Interprofessional simulated learning and sociological fidelity: Part 1

By | 2nd May 2011


Poor interprofessional communication and teamwork are now well recognised as significant contributors to adverse events in healthcare.  These ‘non-technical skills’ are particularly pertinent in high-hazard areas such as obstetric settings, operating rooms, emergency departments and intensive care units. Recognition of the magnitude of these teamwork issues has led to calls for improved interprofessional training in many areas of healthcare, which has resulted in an increase in a range of team-based simulation activities over the past few years. 

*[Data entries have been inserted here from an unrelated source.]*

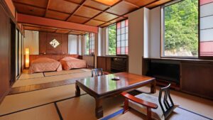 特に川側の客室は温泉街の景色を一望できるのが最高なんです!大正ロマンの意匠が取り入れられた窓や調度品も素敵で、お部屋にいるだけで特別な時間を過ごせます。
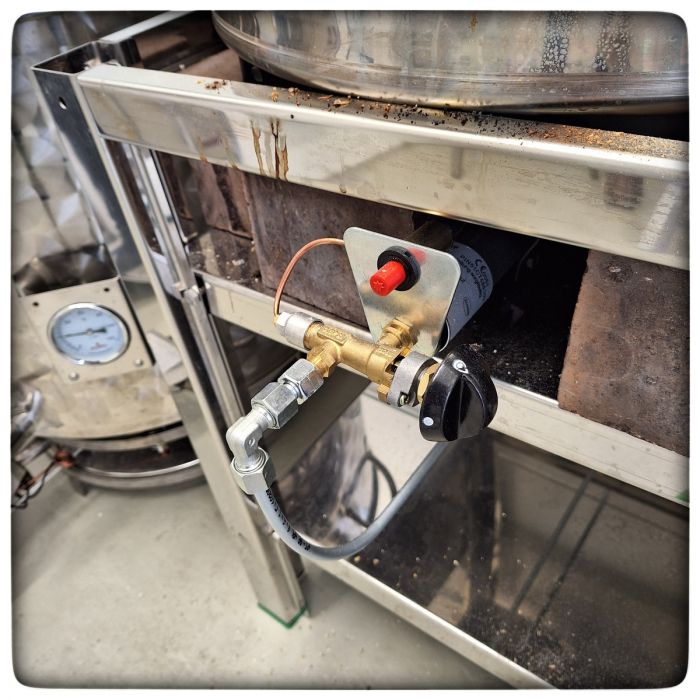 Die Gasanschlüsse der Polsinelli Brenner passen nicht zu den handelsüblichen Schlauchsystemen aus Baumarkt uns Fachhandel hierzulande. Wir haben entsprechend einen Schlauch genommen und im wörtlichen Sinne aufgebohrt, damit er an die Polsinelli Düsen passt. Dann mit einer Schlauchschelle festgeschraubt.
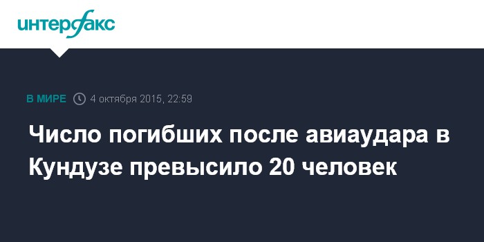 Москва. 4 октября. INTERFAX.RU - В результате авиаудара по больнице в городе Кундуз на севере Афганистана погибли 22 человека, сообщило в воскресенье агентство Associated Press.
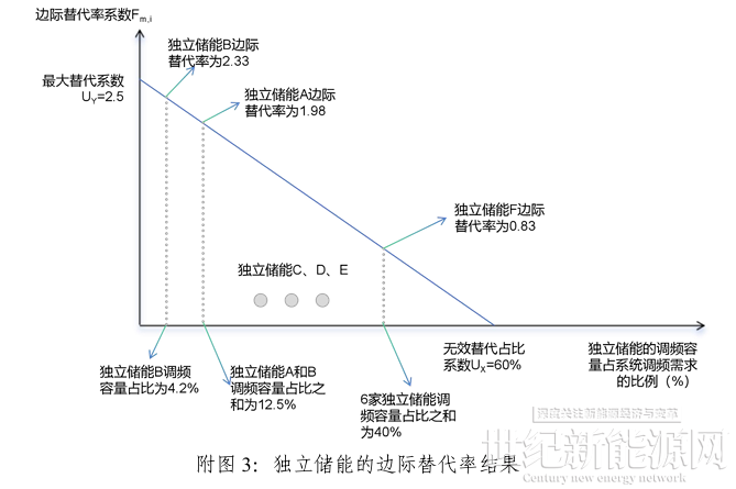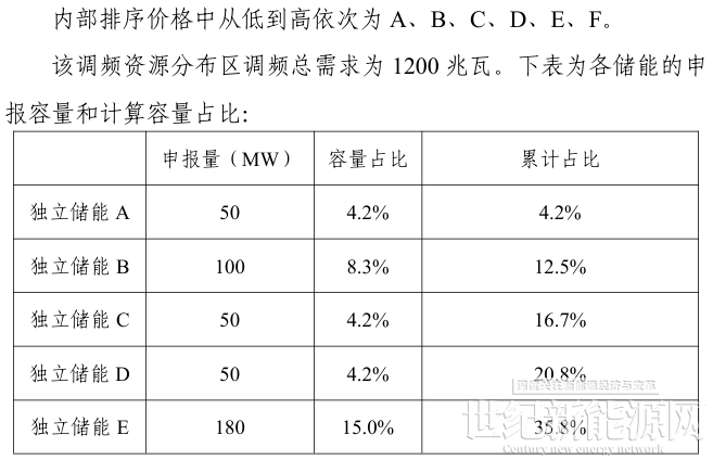 实施细则给出了一个计算实例。根据独立储能报价、性能、内部排序、申报量可知独立储能的边际替代率结果。
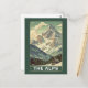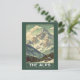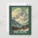 Escape to the mountains with this classic 'The Alps' Vintage Travel print. This Mid-Century Modern illustration captures a majestic, snow-capped peak rising above a valley, complete with a cozy ski lodge cabin nestled among the pine trees.
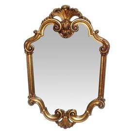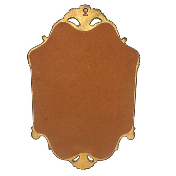 Specchiera sagomata entro cornice dorata decorata con motivo di foglie d'acanto, XX sec.
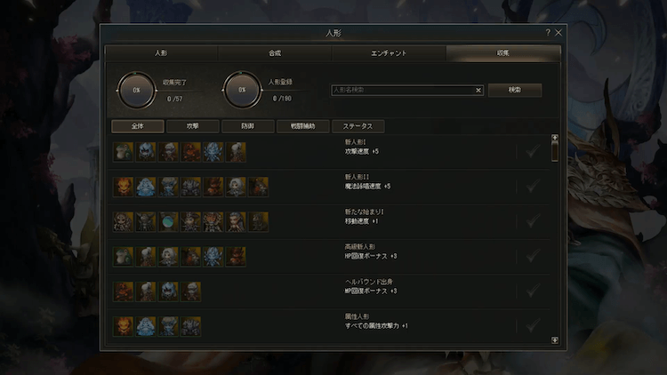 ▲こちらは収集機能の画像。一般人形も登録されるためゆっくり集めて着実に強化していこう。
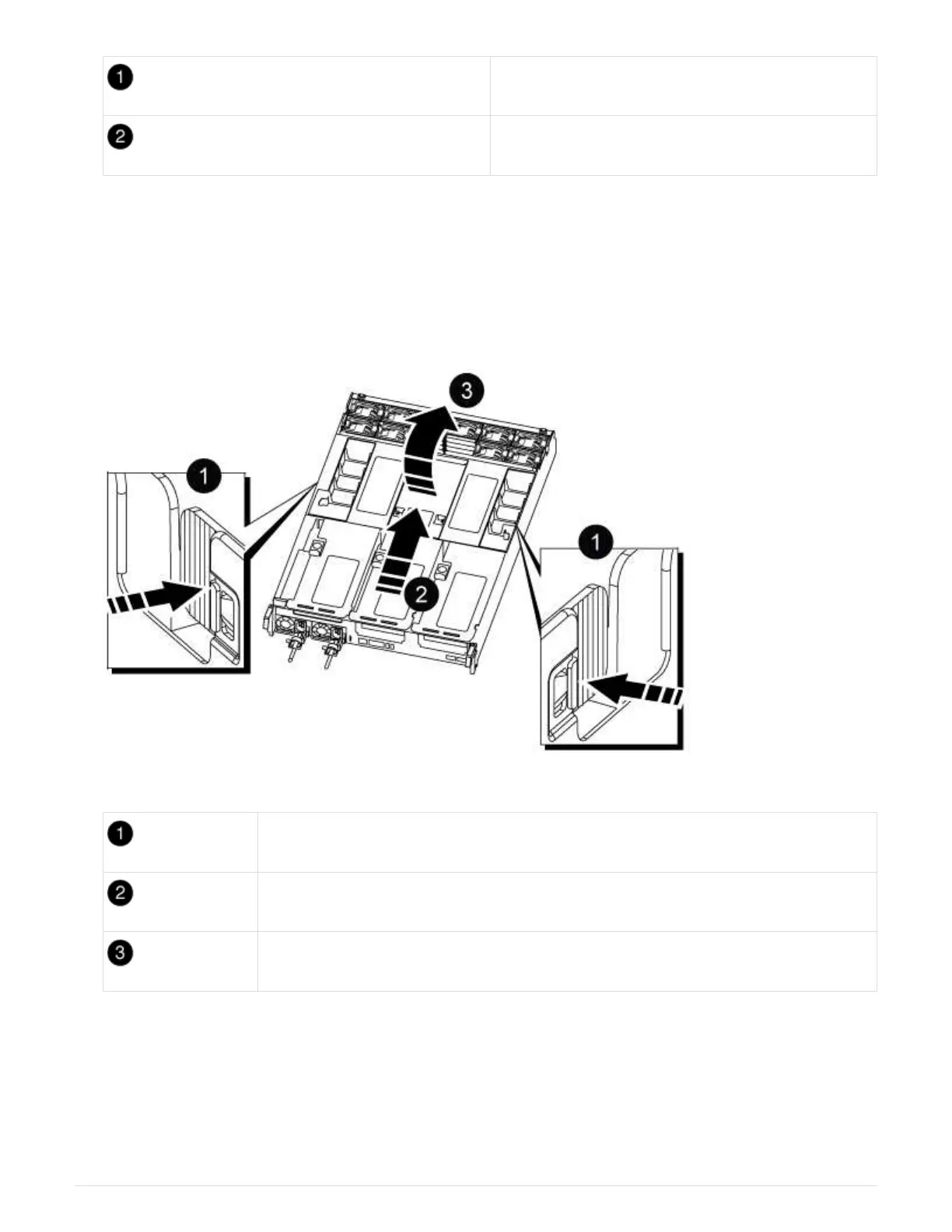b. Slide the air duct toward the fan modules, and then rotate it upward to its completely open position.
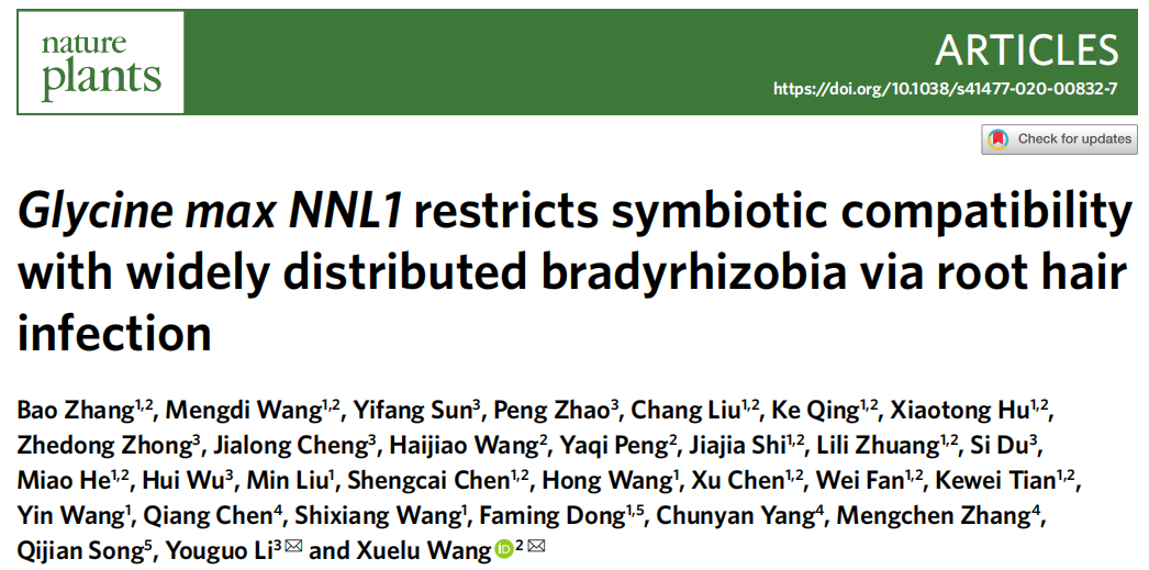 豆科植物能通过与根瘤菌互作形成根瘤进行共生固氮。据估算,豆科植物共生固氮占全球生物固氮总量的60-70%。因此,研究豆科植物共生固氮的分子机制,提高共生固氮效率,对实现减肥增效、发展绿色农业具有重要意义。豆科植物的共生固氮效率受根瘤菌匹配性以及非生物逆境的影响,但是长期以来,其遗传和分子调控机制知之甚少。近期必赢王学路教授团队先后在国际顶尖期刊Nature Plants 和Molecular Plant上发表重要研究论文,揭示了大豆与根瘤菌共生固氮的分子进化机制以及逆境适应机制。系列研究具有重要的理论意义,也为大豆高效固氮的分子设计育种提供了重要目标基因。

Simulation is a technique that allows the imitation of various aspects of patient care, and includes human simulation, mannequin-based simulation, and virtual reality.  Its use in medicine has been steadily expanding over the past ten years, often forming part of the CRM (Crisis Resource Management) model, based on principles originally developed in the aviation industry.  Most of the current simulated training programs involve experiential learning and rely on a clinical scenario which normally involves a high stress critical incident.  Learners work together to manage the scenario in the most appropriate fashion.  Such training aims to enhance ‘non-technical’ skills such as teamwork and interprofessional communication – both of which have been identified as significant contributors to error in healthcare[Lewis, 2007 #2753].  Simulation aims to allow learners the opportunity to manage critical incidents in a ‘realistic’ environment without the compromise of patient safety. 
The notion of simulation fidelity is considered to be the degree to which the simulated learning activity replicates ‘reality’, and is routinely linked to a prevailing assumption that the more ‘high-fidelity’ the simulation, the more ‘effective’ the learning experience.  The notion of high-fidelity is however problematic for a number of reasons.  For example, several studies using the same simulation approaches may refer to its fidelity differently depending on the context in which the learning takes place, and the skills are taught.  
At present, there is a particular stress on the importance of the notion of psychological fidelity (e.g. the degree to which the learner perceives the simulation to be believable) as the most essential requirement for effective interprofessional learning.  It has been argued that psychological fidelity can reproduce increased levels of individual stress and improve recall of information and its contextual application.  Although manipulating psychological fidelity by, for example, the addition of additional ‘stressors’ into a scenario may create more ‘realistic’ simulation scenarios, the simulation literature continues to overlook the importance of sociological factors such as hierarchy, power relations, interprofessional conflict and professional identity, which are now well-known to affect interprofessional communication, collaboration and teamwork.  
The use of a sociological approach can allow one to see why employing CRM principles, an almost universal approach in interprofessional simulated teamwork training may be considered problematic.  As noted above, CRM was developed in an aviation context, and is based on the premise that a ‘culture of safety’ can be nurtured by encouraging a collective sense of agency, and that flattening hierarchy ensures that all team members are comfortable in voicing their opinions, concerns and recommendations.  Through applying a sociological understanding to this area one can see that the use of CRM principles ignores important socio-economic factors affecting interprofessional health and social care teams.